The album is the result of the same project that led to the 2007 documentary "Here Is What Is" that premiered at the 2007 Toronto International Film Festival in September. The movie documents the aesthetics and creative process behind Lanois' approach to music making and recording.
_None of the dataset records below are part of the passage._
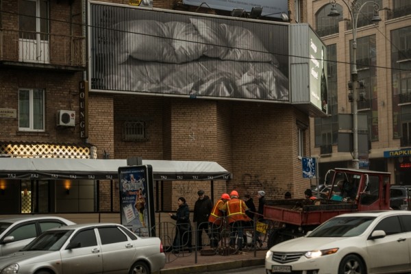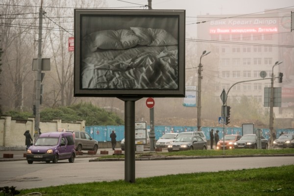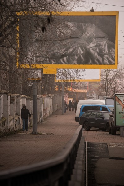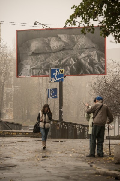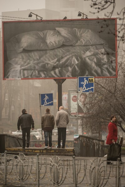 An image by Félix González-Torres, that was previously translated onto large-scale billboards and spread around New York City without any caption or explaination, now infiltrates the city of Kyiv. The photograph shows the artist’s bed with rumpled sheets and the impression of two heads on the pillows. Here González-Torres juxtaposes private and public spaces, referring to AIDS as an illness that affects both private and public life. The bed also represents a site of conflict, suggesting it ss a place of both love and lurid death.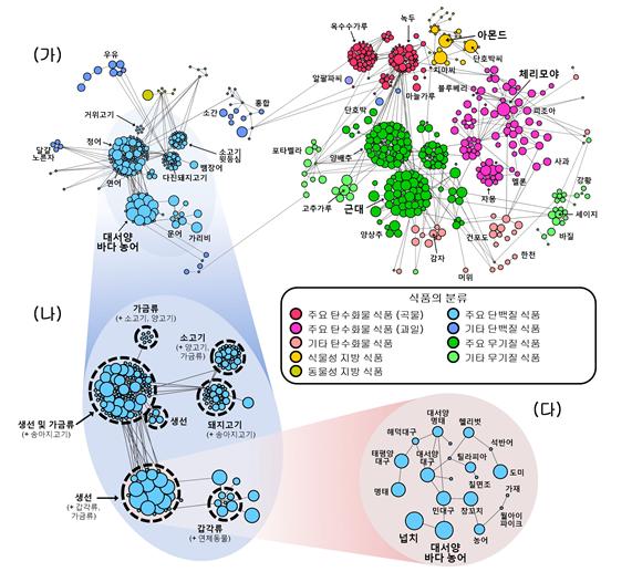 복잡계 물리학에서 쓰이는 네트워크 분석 기법을 적용한 결과, 식품 간의 영양 관계가 마치 사람들 사이의 사회연결망처럼 식품들 사이에서도 촘촘하고 질서 있게 발견되었고 이를 통해 식품 사이의 관계망을 체계적으로 정리할 수 있었다.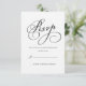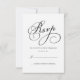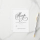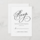 Este cartão de resposta apresenta as letras "rsvp" em um script preto elegante. Os campos de texto são personalizáveis e podem ser alterados, se desejado.
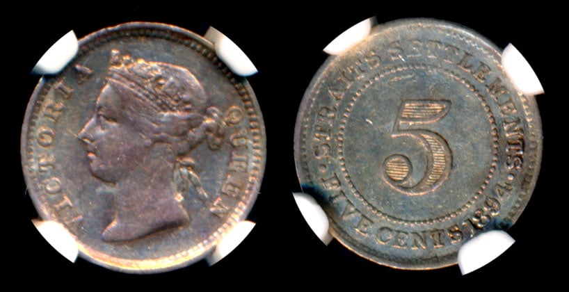 Straits Settlements QV 5c 1894 NGC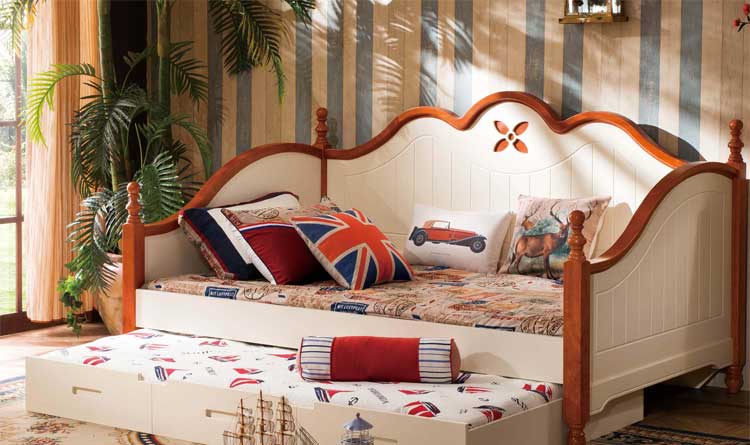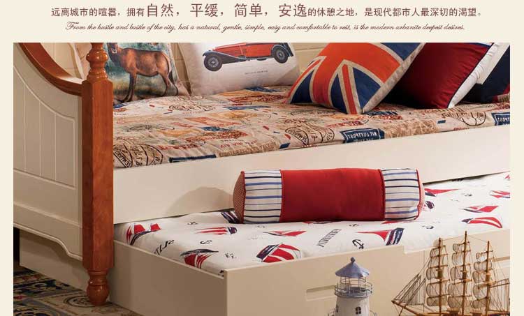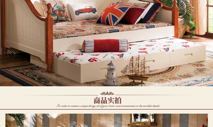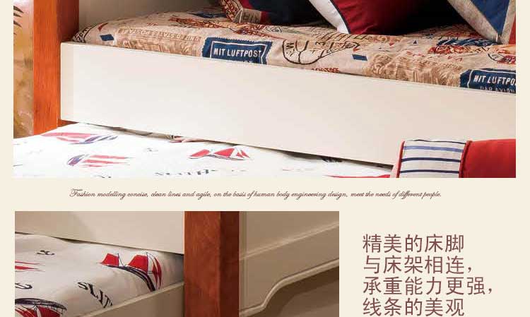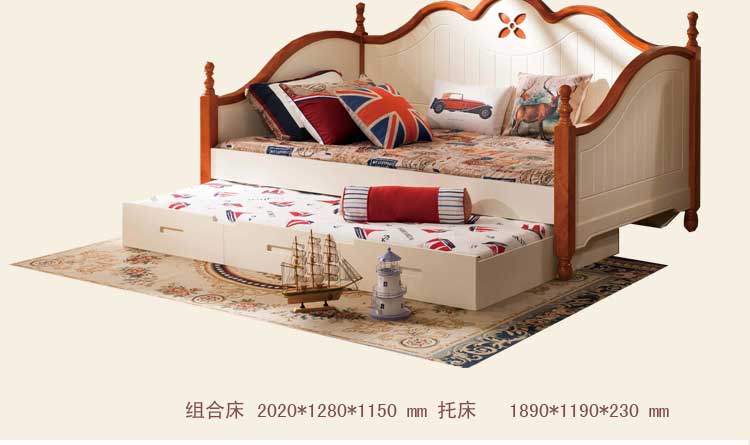 皇浩家具板木儿童床环保床白色单双人床带拖床T2005#组合床

The album has been presented as a direct soundtrack to this film, and some of the tracks ("Beauty" and "Chest of Drawers") are conversations with Brian Eno.

Track listing
All songs written by Daniel Lanois unless otherwise noted.

 "Chest of Drawers"
 "Where Will I Be"
 "Here Is What Is"
 "Not Fighting Anymore"
 "Beauty"
 "Blue Bus"
 "Lovechild"
 "Harry"
 "Bells"
 "This May Be The Last Time"
 "Smoke #6"
 "I Like That"
 "Duo Glide"
 "Bladesteel"
 "Moondog"
 "Sacred and Secular"
 "Joy"
 "Luna Samba"

"Where Will I Be" is a new version of a song which had been previously released on Emmylou Harris' album Wrecking Ball in 1995.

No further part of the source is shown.